Я скривился, как от зубной боли:
— Ладно… лучше скажи, далеко мне еще идти в этих потемках?
— Семнадцать метров.
Я еще не осмыслил ответа, а стрелки уже перестали появляться. Тогда я остановился и напряженно прислушался. Тьму будто разрезали лазерным лучом, и половинки ее медленно раздвинулись в стороны.
Передо мной оказалась дверь, а точнее, шлюз, за которым открылось ярко освещенное помещение, очень похожее на станцию метро, только вместо мрамора все было обшито чем-то вроде серебристого металла.
— Что это за место?
— Станция, — ответил равнодушный голос. — Единственная ветвь монорельса, которая не была повреждена в ходе боевых действий. Теперь вам придется претерпеть некоторые неудобства — я не имею права отключать свет на стратегическом объекте.
Еще не поняв, в чем дело, я шагнул вперед — и поспешно отвернулся от обугленного тела, лежавшего на краю платформы. Впрочем, мой взгляд тут же выхватил клочья и останки человеческих тел в конце станции и оплавленные дыры в металле повсюду.
— Вам плохо, сэр?
— Я голый, напуганный, сбитый с толку — как мне может быть хорошо?!
— Состав прибудет через пятнадцать секунд, — вместо ответа сообщила Эльва. — Расчетное время прибытия на капитанский мостик составляет пять с половиной минут.
— Спасибо, очень рад, — попытался съязвить я, прекрасно понимая, что машина не поймет и не оценит.
Я все еще не терял надежды проснуться.
Память словно отрезало. Совершенно не помню, как зашел в вагон монорельса, как проносился через стальные внутренности корабля и каким образом оказался в лифте. Очнулся, как мне показалось, в стальной коробке — запаниковал, забился, но равнодушный женский голос поспешил успокоить:
— Это нормальная реакция для человека с недавно восстановленной мозговой активностью.

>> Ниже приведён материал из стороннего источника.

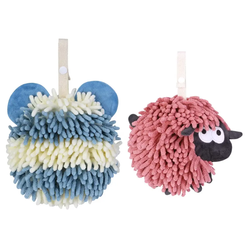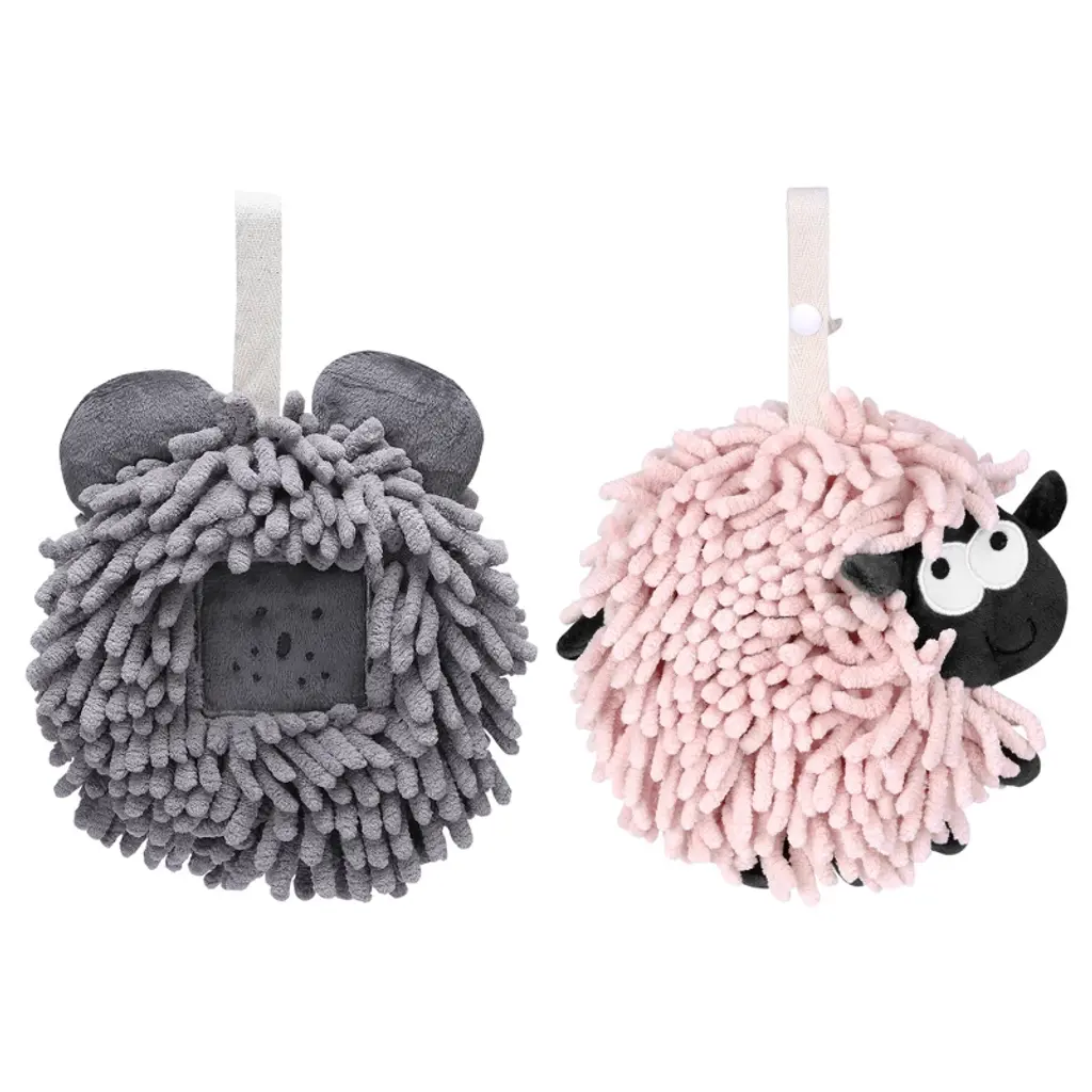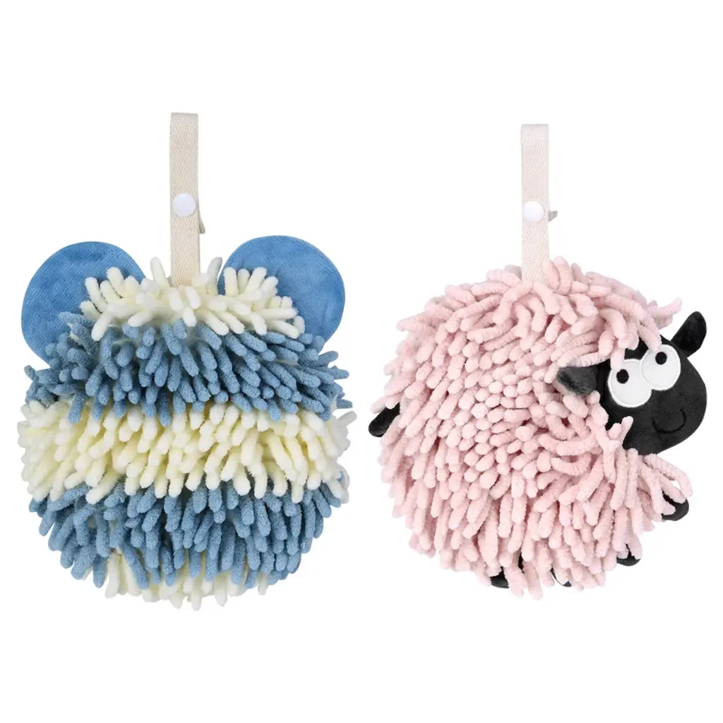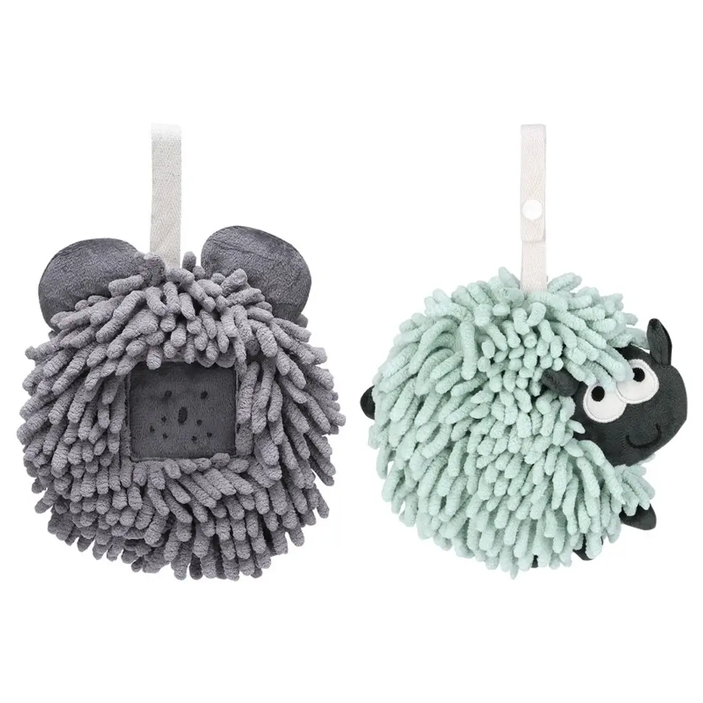 Regalwoven Cute Sheep Chenille Soft Absorbent Quick Drying Fuzzy Ball Hand Towel 9" X 13" 2 Pcs Blue/grey
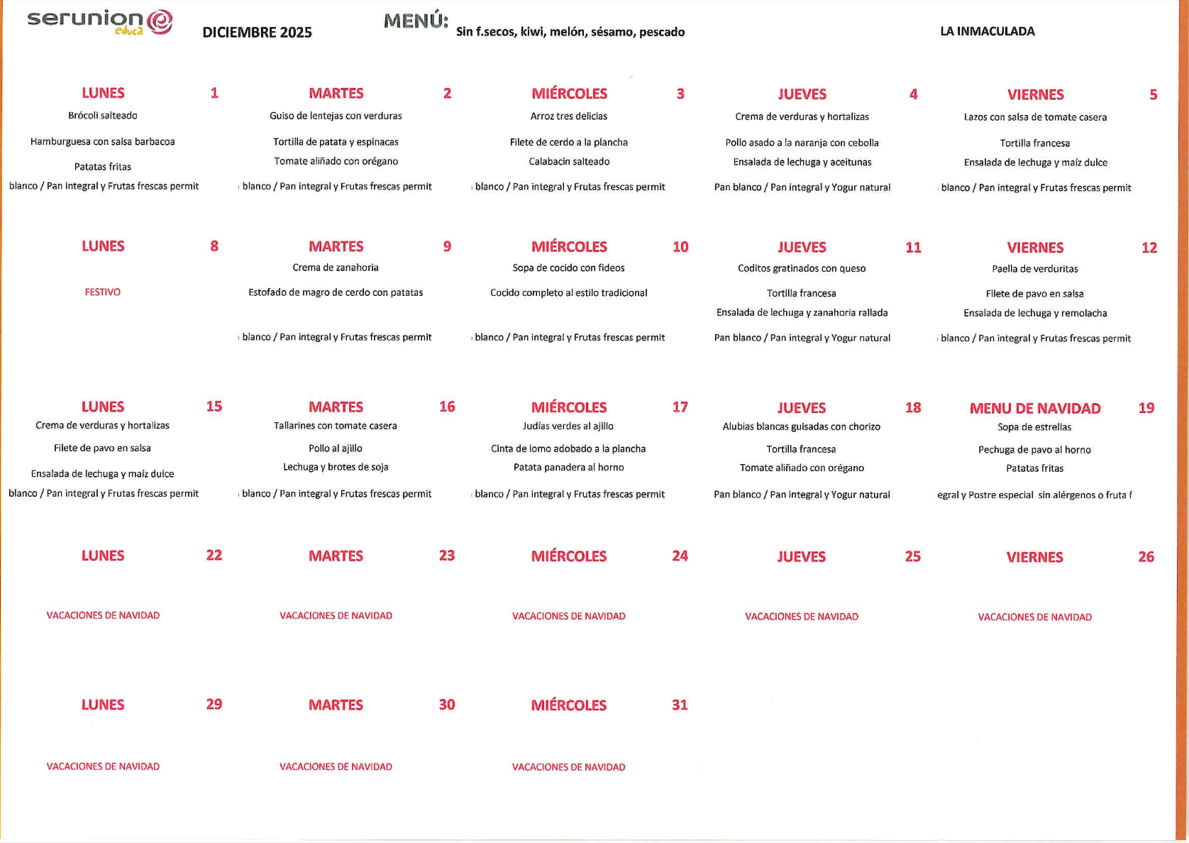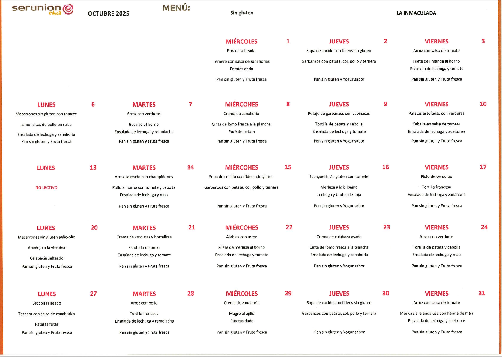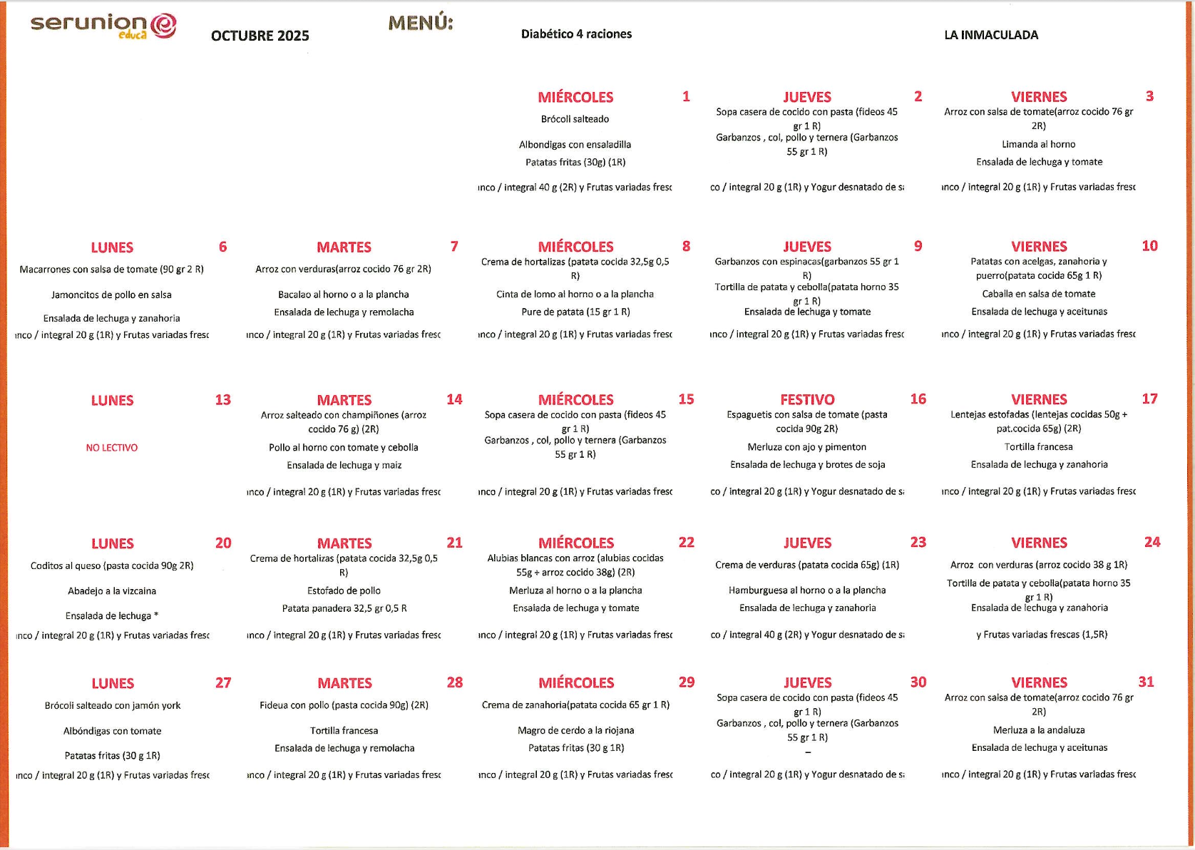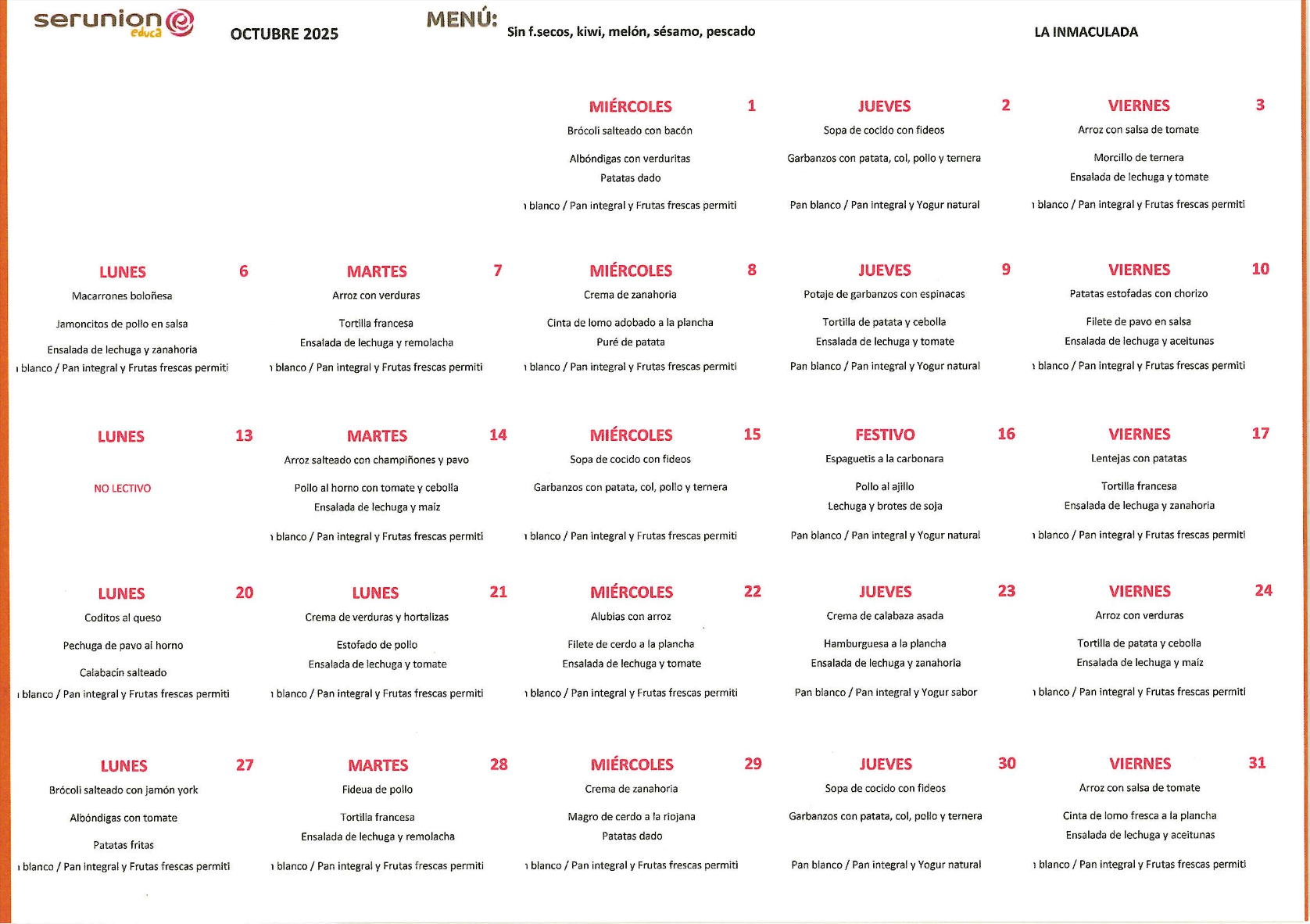 En el colegio también disponemos de menú adaptado a todas las necesidades de nuestro alumnado.
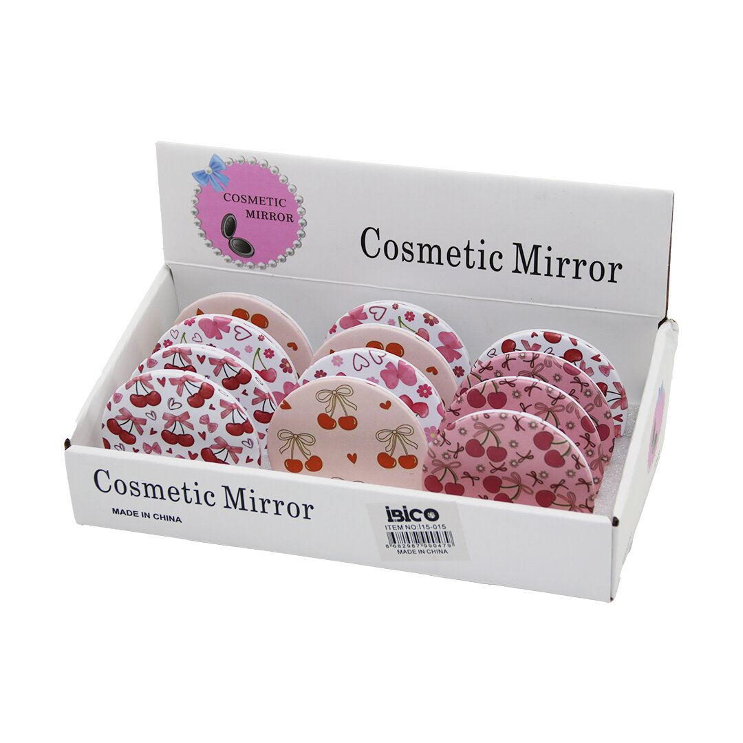 KİRAZ DESEN YUVARLAK CEP - ÇANTAMAKYAJ AYNASI ÇİFT TARAFLI = NORMAL

Кратковременный отказ памяти — самое меньшее из возможных побочных явлений.
— А какие еще могут быть?
— Нарушение работы внутренних органов, боль в ребрах, потеря слуха, зрения, судороги…
— Стой, а при чем тут ребра? — вычленил я из списка «лишнее» и ухватился за это, надеясь поймать сон на нелогичности.
— Кроме восстановления тканей и процесса сживления костного материала, вам пришлось создать новую грудную клетку, сэр, — хладнокровно объяснила Эльва. — Я приняла такое решение, руководствуясь ограниченным сроком приведения вас в работоспособное состояние — процесс восстановления грудины из мелких осколков протекает гораздо дольше, чем создание новой биологической конструкции.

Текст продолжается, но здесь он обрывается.